**DATA FOR THIS EXERCISE**
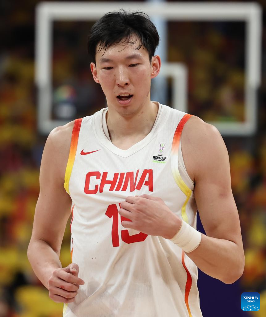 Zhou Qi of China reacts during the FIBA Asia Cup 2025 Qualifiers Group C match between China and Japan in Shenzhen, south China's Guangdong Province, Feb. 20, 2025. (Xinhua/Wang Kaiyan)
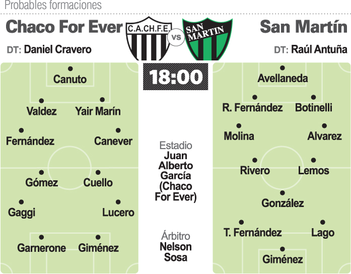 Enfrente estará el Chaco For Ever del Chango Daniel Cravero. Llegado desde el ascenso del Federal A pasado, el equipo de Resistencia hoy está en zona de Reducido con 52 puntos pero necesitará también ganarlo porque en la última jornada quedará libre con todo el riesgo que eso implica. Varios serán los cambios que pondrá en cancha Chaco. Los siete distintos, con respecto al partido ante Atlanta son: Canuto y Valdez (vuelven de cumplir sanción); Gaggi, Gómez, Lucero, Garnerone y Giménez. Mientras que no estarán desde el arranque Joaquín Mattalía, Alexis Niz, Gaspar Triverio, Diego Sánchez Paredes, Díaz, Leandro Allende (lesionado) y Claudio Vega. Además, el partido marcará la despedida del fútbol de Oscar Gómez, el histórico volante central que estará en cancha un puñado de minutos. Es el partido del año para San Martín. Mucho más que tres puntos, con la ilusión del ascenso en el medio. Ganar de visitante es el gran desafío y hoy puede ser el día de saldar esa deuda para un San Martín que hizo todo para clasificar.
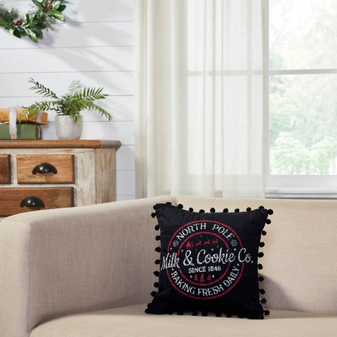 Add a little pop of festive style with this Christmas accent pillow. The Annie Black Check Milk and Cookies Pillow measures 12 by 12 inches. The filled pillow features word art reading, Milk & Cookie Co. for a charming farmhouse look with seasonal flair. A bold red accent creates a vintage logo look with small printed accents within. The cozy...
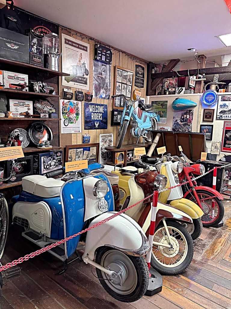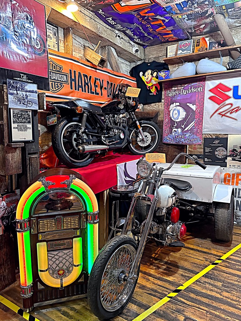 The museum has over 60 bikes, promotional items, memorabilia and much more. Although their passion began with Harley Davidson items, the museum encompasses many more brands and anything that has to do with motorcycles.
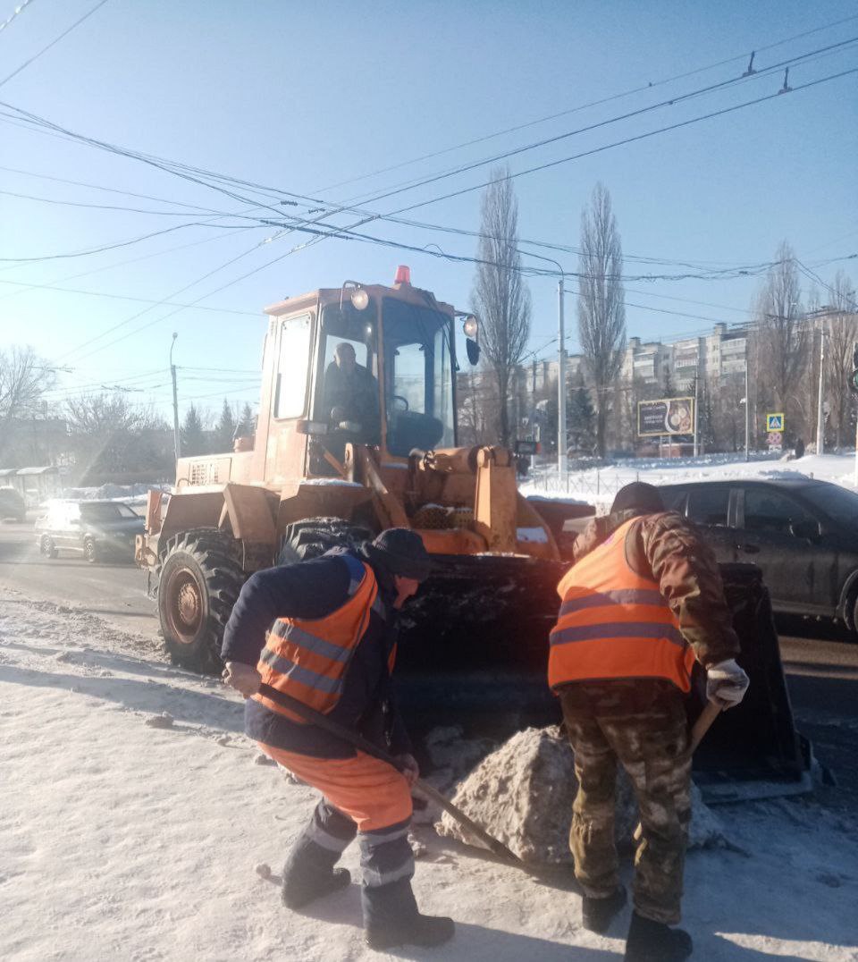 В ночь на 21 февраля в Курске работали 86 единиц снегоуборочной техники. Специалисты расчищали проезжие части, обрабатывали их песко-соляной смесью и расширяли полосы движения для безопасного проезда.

**YOUR GOAL**
Retype the records above exactly, and keep any picture out of what you write.

**SOLUTION FOR THIS PROBLEM**
 Zhou Qi of China reacts during the FIBA Asia Cup 2025 Qualifiers Group C match between China and Japan in Shenzhen, south China's Guangdong Province, Feb. 20, 2025. (Xinhua/Wang Kaiyan)
 Enfrente estará el Chaco For Ever del Chango Daniel Cravero. Llegado desde el ascenso del Federal A pasado, el equipo de Resistencia hoy está en zona de Reducido con 52 puntos pero necesitará también ganarlo porque en la última jornada quedará libre con todo el riesgo que eso implica. Varios serán los cambios que pondrá en cancha Chaco. Los siete distintos, con respecto al partido ante Atlanta son: Canuto y Valdez (vuelven de cumplir sanción); Gaggi, Gómez, Lucero, Garnerone y Giménez. Mientras que no estarán desde el arranque Joaquín Mattalía, Alexis Niz, Gaspar Triverio, Diego Sánchez Paredes, Díaz, Leandro Allende (lesionado) y Claudio Vega. Además, el partido marcará la despedida del fútbol de Oscar Gómez, el histórico volante central que estará en cancha un puñado de minutos. Es el partido del año para San Martín. Mucho más que tres puntos, con la ilusión del ascenso en el medio. Ganar de visitante es el gran desafío y hoy puede ser el día de saldar esa deuda para un San Martín que hizo todo para clasificar.
 Add a little pop of festive style with this Christmas accent pillow. The Annie Black Check Milk and Cookies Pillow measures 12 by 12 inches. The filled pillow features word art reading, Milk & Cookie Co. for a charming farmhouse look with seasonal flair. A bold red accent creates a vintage logo look with small printed accents within. The cozy...
 The museum has over 60 bikes, promotional items, memorabilia and much more. Although their passion began with Harley Davidson items, the museum encompasses many more brands and anything that has to do with motorcycles.
 В ночь на 21 февраля в Курске работали 86 единиц снегоуборочной техники. Специалисты расчищали проезжие части, обрабатывали их песко-соляной смесью и расширяли полосы движения для безопасного проезда.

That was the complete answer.